*** INPUT FOR THIS TASK ***

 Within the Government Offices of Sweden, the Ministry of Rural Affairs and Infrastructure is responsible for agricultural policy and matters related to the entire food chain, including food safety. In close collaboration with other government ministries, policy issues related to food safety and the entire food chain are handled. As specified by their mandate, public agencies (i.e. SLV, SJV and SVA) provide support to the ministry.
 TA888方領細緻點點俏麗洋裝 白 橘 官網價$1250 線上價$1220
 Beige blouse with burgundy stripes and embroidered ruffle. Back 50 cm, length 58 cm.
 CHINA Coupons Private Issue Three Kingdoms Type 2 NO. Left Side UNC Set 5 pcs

*** End of INPUT FOR THIS TASK ***
*** INPUT FOR THIS TASK ***

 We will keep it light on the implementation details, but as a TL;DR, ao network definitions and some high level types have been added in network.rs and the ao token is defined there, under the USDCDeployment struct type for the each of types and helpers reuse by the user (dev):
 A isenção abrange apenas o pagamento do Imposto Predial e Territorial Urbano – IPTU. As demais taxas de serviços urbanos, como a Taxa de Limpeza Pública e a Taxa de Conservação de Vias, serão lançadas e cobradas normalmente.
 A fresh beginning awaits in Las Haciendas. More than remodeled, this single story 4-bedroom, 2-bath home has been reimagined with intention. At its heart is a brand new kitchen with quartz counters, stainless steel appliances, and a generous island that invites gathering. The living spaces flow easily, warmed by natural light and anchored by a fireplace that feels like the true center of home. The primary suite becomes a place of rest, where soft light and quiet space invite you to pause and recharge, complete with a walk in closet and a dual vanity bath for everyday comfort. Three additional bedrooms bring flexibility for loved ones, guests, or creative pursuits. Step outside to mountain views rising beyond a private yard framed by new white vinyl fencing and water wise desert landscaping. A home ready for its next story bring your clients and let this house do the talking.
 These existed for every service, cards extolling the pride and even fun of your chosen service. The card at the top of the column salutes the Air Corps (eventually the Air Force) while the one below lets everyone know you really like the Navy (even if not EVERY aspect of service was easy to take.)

*** End of INPUT FOR THIS TASK ***

ACTION ITEM: Your answer must be a single number: the count of lines in the data that contain the string "been".

REPLY TO THE EXERCISE: 2